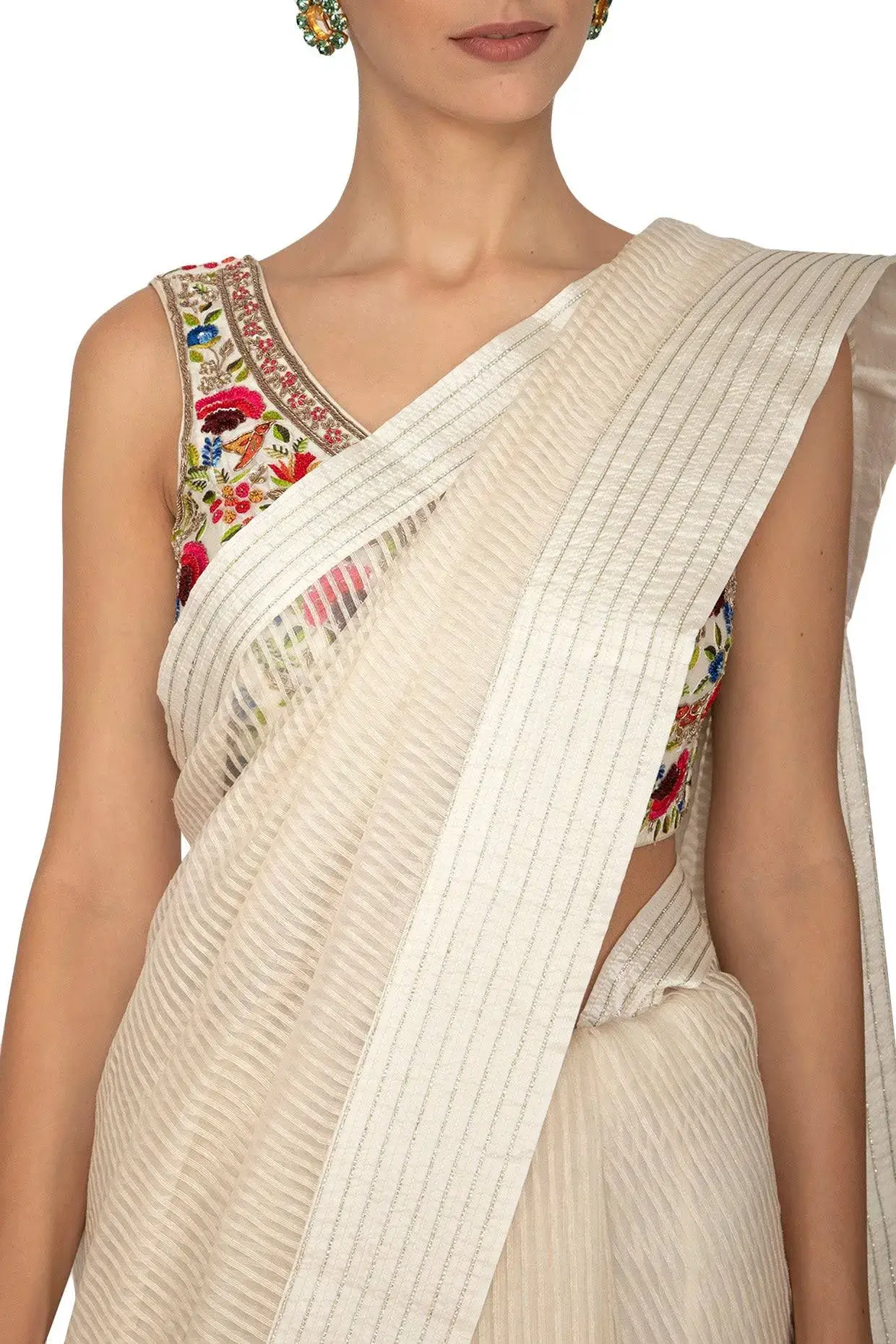 Buy Aastha Jain Embroidered Saree Set For Women Available online at Scrollnshops S / White
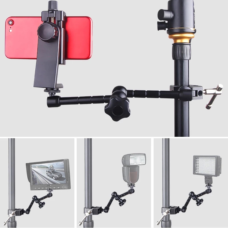 Легко управлять-Эта волшебная рука с блокирующими ручками управления, чтобы снять или увеличить напряжение, которое может дать все движения положения. Эта шарнирная Волшебная рукоятка с двумя гладкими шариковыми головками на 360 ° упрощает монтаж, размещение и регулировку любых осветительных приборов на камере и других аксессуаров.
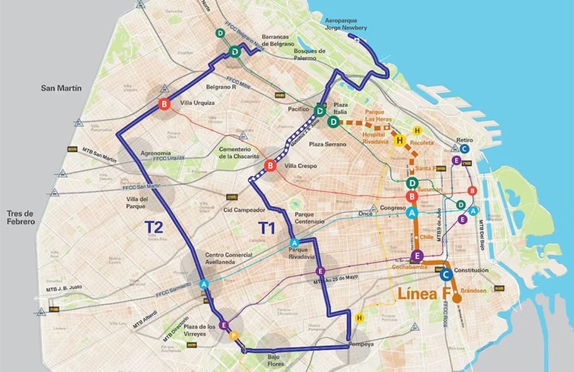 La línea T1 saldrá desde Belgrano y atravesará Villa Urquiza, Agronomía, Villa del Parque, Bajo Flores hasta Pompeya, donde se cruzará con la T2. Esta última pasará por Boedo, Almagro, los parques Rivadavia y Centenario, Villa Crespo, y seguirá por Palermo hasta llegar al Aeroparque Jorge Newbery.

--

**Required work:** The whole listing above needs to be copied exactly; please keep the pictures out.

**Problem solution:**
 Buy Aastha Jain Embroidered Saree Set For Women Available online at Scrollnshops S / White
 Легко управлять-Эта волшебная рука с блокирующими ручками управления, чтобы снять или увеличить напряжение, которое может дать все движения положения. Эта шарнирная Волшебная рукоятка с двумя гладкими шариковыми головками на 360 ° упрощает монтаж, размещение и регулировку любых осветительных приборов на камере и других аксессуаров.
 La línea T1 saldrá desde Belgrano y atravesará Villa Urquiza, Agronomía, Villa del Parque, Bajo Flores hasta Pompeya, donde se cruzará con la T2. Esta última pasará por Boedo, Almagro, los parques Rivadavia y Centenario, Villa Crespo, y seguirá por Palermo hasta llegar al Aeroparque Jorge Newbery.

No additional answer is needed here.